Collected data entries
-.-.-
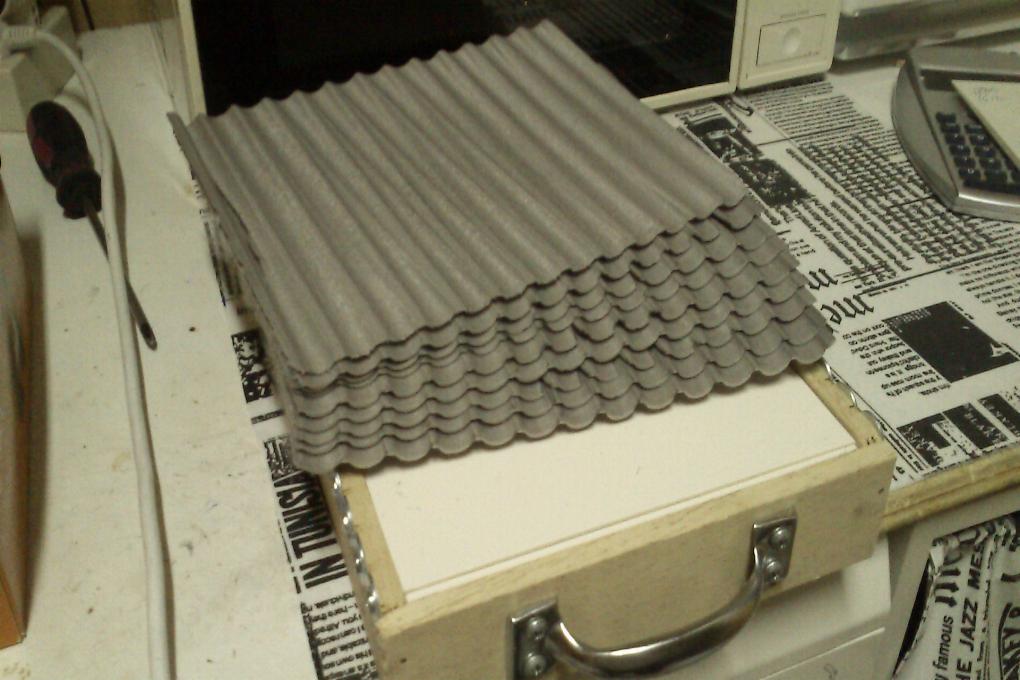Hola, os presento esta maquinita que esta inspirada en una que he visto de Pedro Mainz (ABP), la suya es para hacer tejas y la mias es para ahorrar el hacer unas cuantas, se trata de hacer una especie de "Onduline" para no tener que poner las tejas de abajo, con lo cual nos ahorramos la mitad de las tejas que tengamos que hacer.
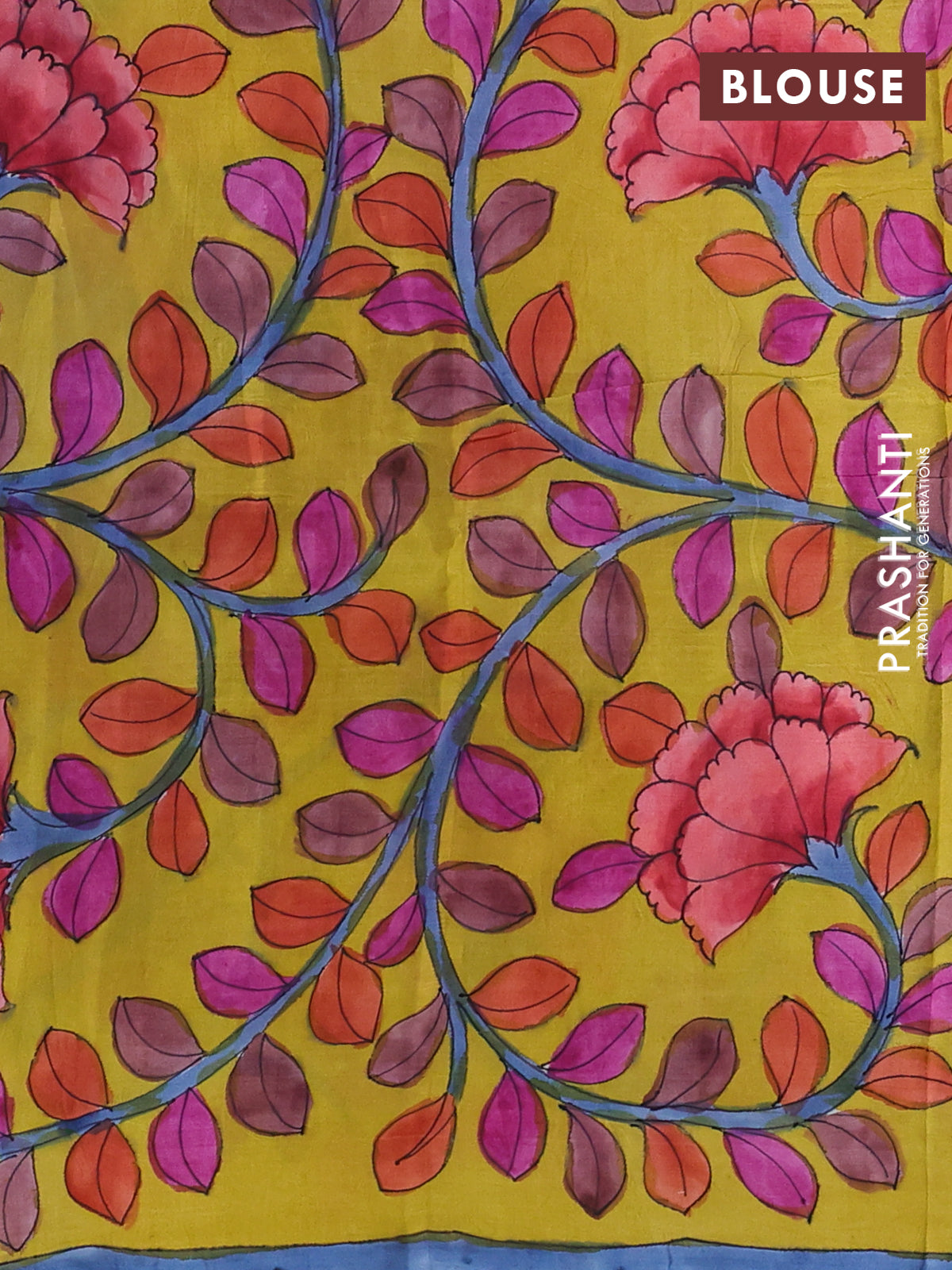 Printed silk saree royal blue and mustard yellow with shibori prints and kalamkari hand painted pallu & blouse
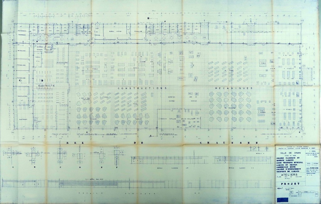 Plan des ateliers et détails des cloisons. Patrice Simon, architecte, 1962.Immatriculation
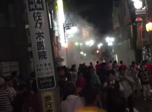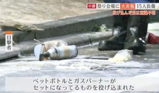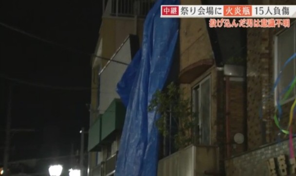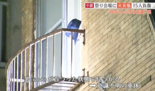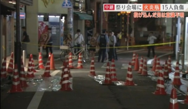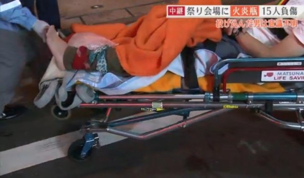 2016年8月7日,日本东京,杉并区商业街举行庆典巡游期间,有人从高处朝人群扔下多个燃烧瓶,导致至少15人受伤,警方正从杀人未遂的方向调查。施袭者据报是一名68岁老人,在行凶后自杀身亡;当地传媒引述疑凶的邻居称,疑凶自去年丧妻后心情抑郁,或因不堪庆典的噪音滋扰而行凶。
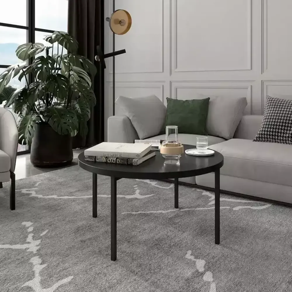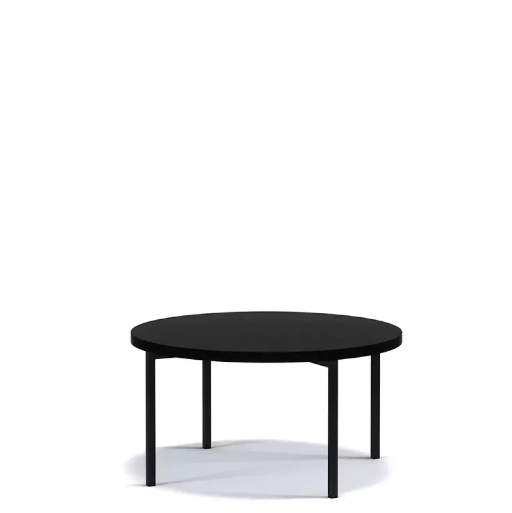 Okrągły stolik kawowy z kolekcji ETA ma blat w kolorze czarnym o wykończeniu matowym, wykonany z wysokiej jakości płyty laminowanej grubości 32 mm. Ława do salonu osadzona jest na czarnych metalowych nogach wykonanych z profilu o grubości 20 mm. Stolik jest lekki, więc bez problemu go przestawisz, dzięki czemu świetnie sprawdzi się w małym mieszkaniu. Blat w całości nachodzi na stelaż i go przykrywa.
-.-.-
— WHAT THE TASK REQUIRES —
Precisely those lines above that run from the line with "Plan des ateliers" up to and including the line with "2016年8月7日,日本东京" are to be set down, with the pictures omitted.

— ANSWER TO THIS EXERCISE —
 Plan des ateliers et détails des cloisons. Patrice Simon, architecte, 1962.Immatriculation
 2016年8月7日,日本东京,杉并区商业街举行庆典巡游期间,有人从高处朝人群扔下多个燃烧瓶,导致至少15人受伤,警方正从杀人未遂的方向调查。施袭者据报是一名68岁老人,在行凶后自杀身亡;当地传媒引述疑凶的邻居称,疑凶自去年丧妻后心情抑郁,或因不堪庆典的噪音滋扰而行凶。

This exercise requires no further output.